A friend’s Facebook recently sparked off a train of thought. Stu likes to post pictures, his is a happy Facebook, one where he shares images of a smiling family playing outdoors and also his recent climbing exploits. Of late there have been photographs of classic North Wales climbing, the routes I lived and breathed in my teens. Of note to me a climb called First Slip an E1 (climbing parlance describing difficulty) at Tremadog and a series of routes on Dinas Cromlech including Cenotaph Corner E1. It was the first time Stu had climbed the Corner in 17 years and it reminded me of a childhood promise. I was going to lead it on or before my 16th birthday or come back when I was 65. In the end I stood below it a couple of days before my birthday and psyched out; in all fairness it is an austere place.

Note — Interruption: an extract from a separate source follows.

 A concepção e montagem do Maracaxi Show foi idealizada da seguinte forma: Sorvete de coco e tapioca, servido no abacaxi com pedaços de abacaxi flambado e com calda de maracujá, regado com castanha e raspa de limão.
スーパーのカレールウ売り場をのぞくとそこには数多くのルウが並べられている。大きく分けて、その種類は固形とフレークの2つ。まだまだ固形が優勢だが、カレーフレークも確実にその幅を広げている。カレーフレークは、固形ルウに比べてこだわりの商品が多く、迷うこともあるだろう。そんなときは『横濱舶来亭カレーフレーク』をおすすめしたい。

However, just days before I climbed a route on it’s right wall, Cemetery Gates which now receives the same grade and on my birthday I climbed First Slip. Many more routes of that grade were climbed that summer and I kept my word by not coming back to climb the Corner leaving it as a pensioner’s present to himself.

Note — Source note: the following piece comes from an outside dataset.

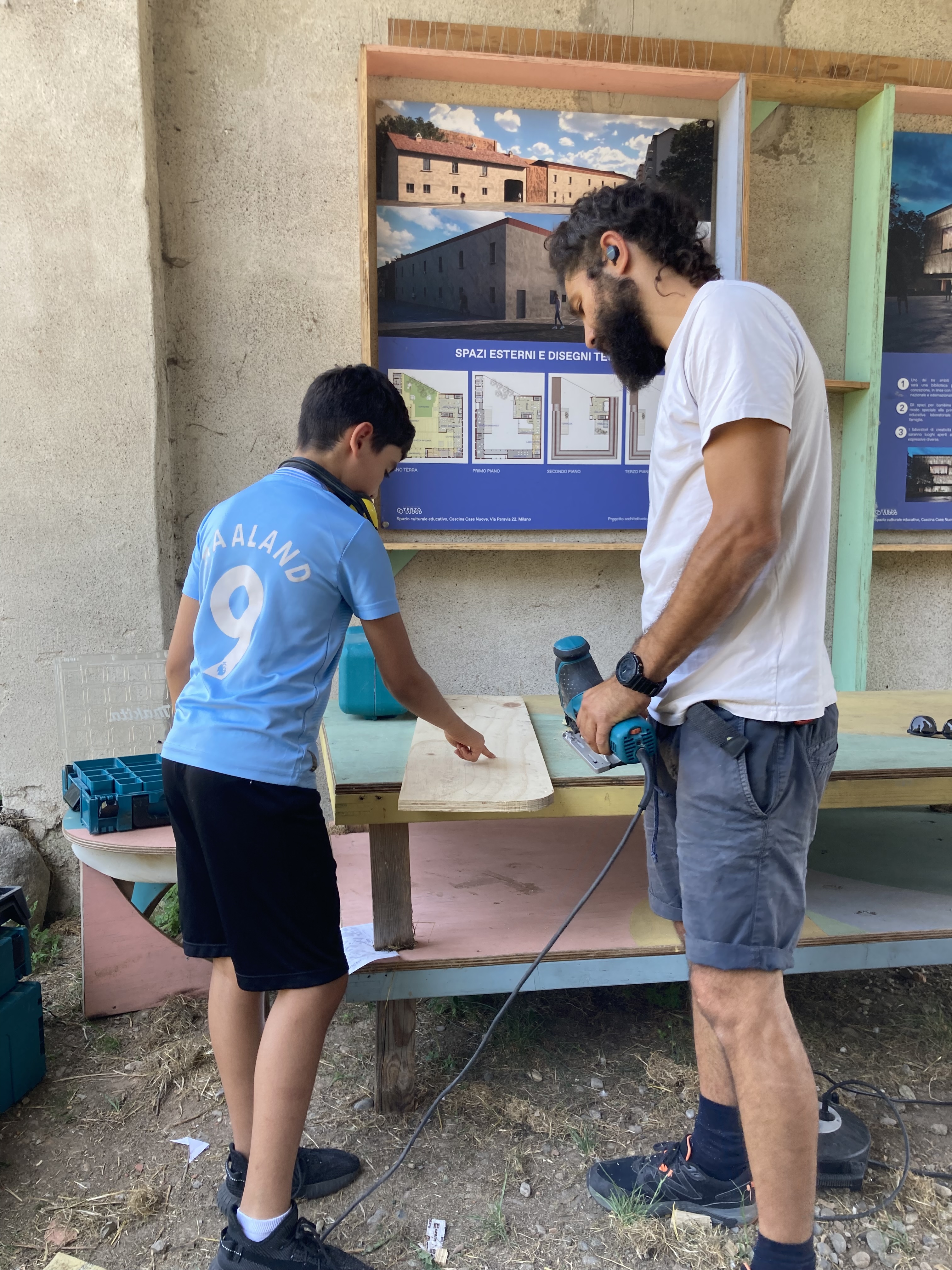 A giugno 2025 nello spazio verde di Case Nuove sono stati ospitati i laboratori di auto-costruzione organizzati da Gallab, l’officina creativa che da anni trasforma materiali, spazi e relazioni nel quartiere di San Siro.

The thing is two years ago I noticed something spooky from that period of my life. I was trying to figure out why I might have spent extended periods of time in the countries and States that I have been fortunate enough to call home; Australia, Nepal, Colorado and Alaska are a strange cocktail after all. It suddenly occurred to me that there had been a series of small posters on my wall at school and I had spent a lot of time looking at them. Each of these pictures had depicted a climb in the countries I have mentioned. Now I do not believe that I have done any of the climbs (although routes close to a few of them now provide memories & stories), I am though blown away that mental images from my teens can so shape my life.

Here is the thing, over the last 5 years I have let my fitness slip and I am not really on track to accomplish my promise. It is time to do something about it and I am now wondering if they give discounts for airfares booked 21 years in advance.

What strong images have shaped your life?